**** Collected material ****
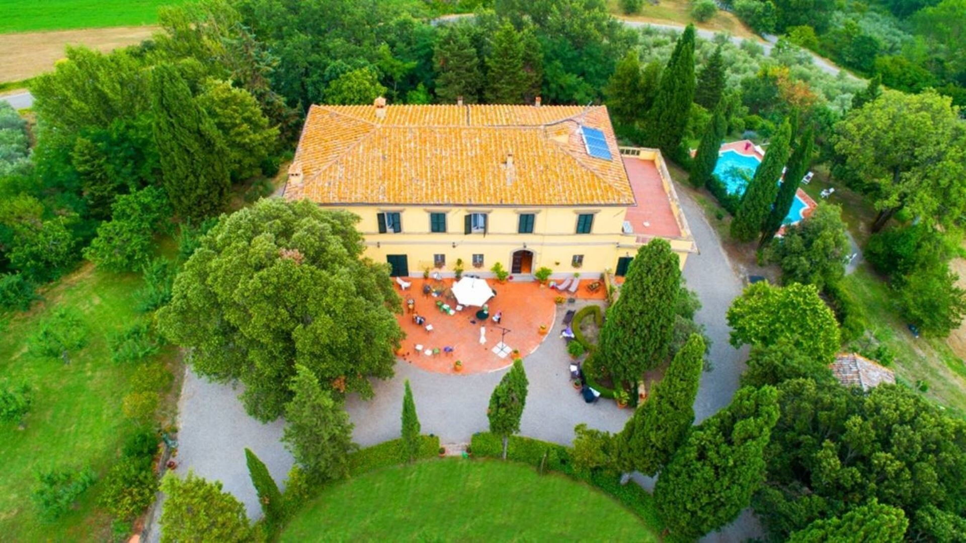 Esta elegante villa vacacional exhibe una refinada arquitectura florentina en el corazón de Val d'Orcia, situada en la pintoresca campiña cerca de San Casciano Dei Bagni, Italia. Construida durante la segunda mitad del siglo XVIII sobre los cimientos de una antigua aldea medieval que una vez sirvió como parada a lo largo de la histórica ruta de peregrinación Vía Francigena, esta distinguida residencia preserva el carácter auténtico y el encanto de siglos pasados. Posicionada en lo alto de una colina y rodeada por un magnífico parque de encinas y cipreses, la propiedad ofrece impresionantes vistas panorámicas del valle. La villa ha sido meticulosamente concebida y amueblada como una refinada casa privada, perfectamente adecuada para acoger reuniones memorables con invitados y amigos. La propiedad mantiene intactas las características arquitectónicas de una granja del siglo XVIII, originalmente diseñada para celebraciones y ceremonias en honor a la primavera y la fertilidad de la tierra. El gran jardín circular en la entrada proporciona un marco ideal para eventos especiales, mientras que el histórico bosquecillo para la captura de aves añade un distintivo toque de elegancia de época. La conectividad Wi-Fi alcanza todos los espacios interiores y exteriores, incluida el área de la piscina, garantizando una comunicación fluida. El aparcamiento privado acomoda múltiples vehículos dentro de los extensos terrenos de la finca. Desde 2025, la villa opera con completa autosuficiencia energética mediante un avanzado sistema fotovoltaico con baterías de almacenamiento, gestionando de manera sostenible tanto la producción de electricidad como de agua caliente.
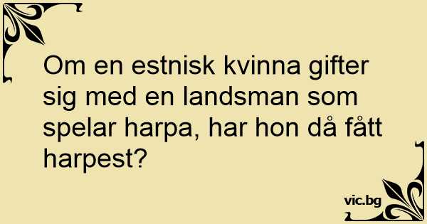 Om en estnisk kvinna gifter sig med en landsman som spelar harpa, har hon då fått harpest?
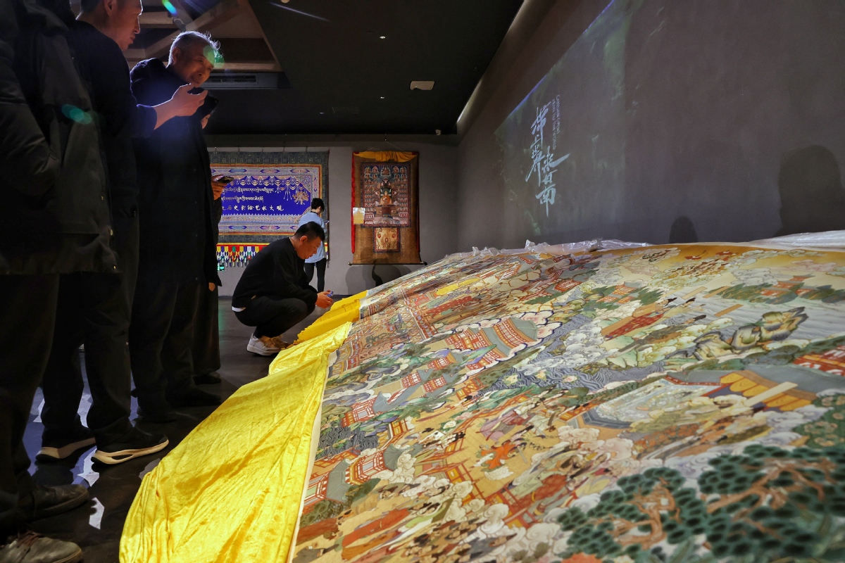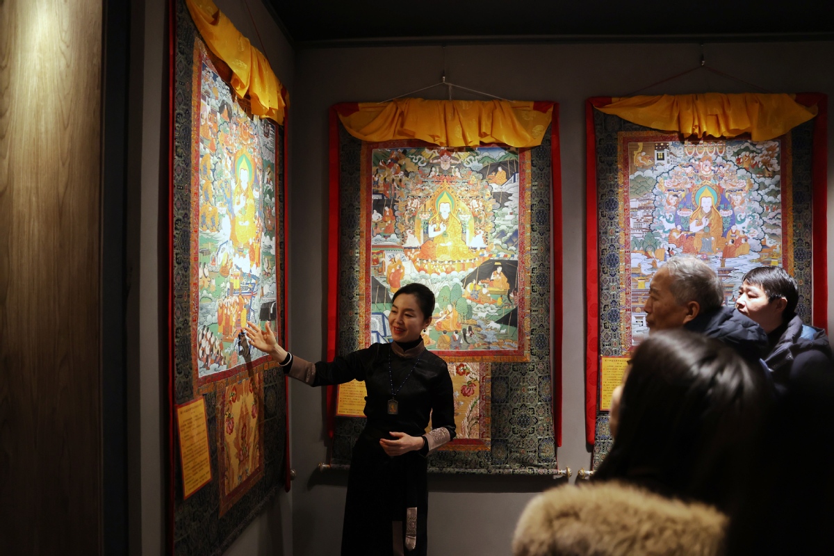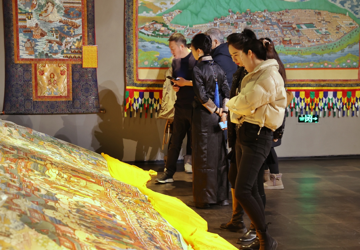 ?。ㄓ浾?nbsp;姜東)2023年12月26日,北京,觀(guān)眾在皇城藝術(shù)館參觀(guān)《甘肅甘南非遺文化藝術(shù)展》。近日,《甘肅甘南非遺文化藝術(shù)展》在北京皇城藝術(shù)館開(kāi)展。此次展覽主要展示了甘南藏族自治州非物質(zhì)文化遺產(chǎn)藝術(shù)作品《拉卜楞文化歷史彩繪藝術(shù)大觀(guān)》《藏族書(shū)法瑰寶》及甘南拉卜楞文創(chuàng)產(chǎn)品。
****
# Task requirements:
Without the pictures, transcribe the listing above exactly.

# Task solution:
 Esta elegante villa vacacional exhibe una refinada arquitectura florentina en el corazón de Val d'Orcia, situada en la pintoresca campiña cerca de San Casciano Dei Bagni, Italia. Construida durante la segunda mitad del siglo XVIII sobre los cimientos de una antigua aldea medieval que una vez sirvió como parada a lo largo de la histórica ruta de peregrinación Vía Francigena, esta distinguida residencia preserva el carácter auténtico y el encanto de siglos pasados. Posicionada en lo alto de una colina y rodeada por un magnífico parque de encinas y cipreses, la propiedad ofrece impresionantes vistas panorámicas del valle. La villa ha sido meticulosamente concebida y amueblada como una refinada casa privada, perfectamente adecuada para acoger reuniones memorables con invitados y amigos. La propiedad mantiene intactas las características arquitectónicas de una granja del siglo XVIII, originalmente diseñada para celebraciones y ceremonias en honor a la primavera y la fertilidad de la tierra. El gran jardín circular en la entrada proporciona un marco ideal para eventos especiales, mientras que el histórico bosquecillo para la captura de aves añade un distintivo toque de elegancia de época. La conectividad Wi-Fi alcanza todos los espacios interiores y exteriores, incluida el área de la piscina, garantizando una comunicación fluida. El aparcamiento privado acomoda múltiples vehículos dentro de los extensos terrenos de la finca. Desde 2025, la villa opera con completa autosuficiencia energética mediante un avanzado sistema fotovoltaico con baterías de almacenamiento, gestionando de manera sostenible tanto la producción de electricidad como de agua caliente.
 Om en estnisk kvinna gifter sig med en landsman som spelar harpa, har hon då fått harpest?
 ?。ㄓ浾?nbsp;姜東)2023年12月26日,北京,觀(guān)眾在皇城藝術(shù)館參觀(guān)《甘肅甘南非遺文化藝術(shù)展》。近日,《甘肅甘南非遺文化藝術(shù)展》在北京皇城藝術(shù)館開(kāi)展。此次展覽主要展示了甘南藏族自治州非物質(zhì)文化遺產(chǎn)藝術(shù)作品《拉卜楞文化歷史彩繪藝術(shù)大觀(guān)》《藏族書(shū)法瑰寶》及甘南拉卜楞文創(chuàng)產(chǎn)品。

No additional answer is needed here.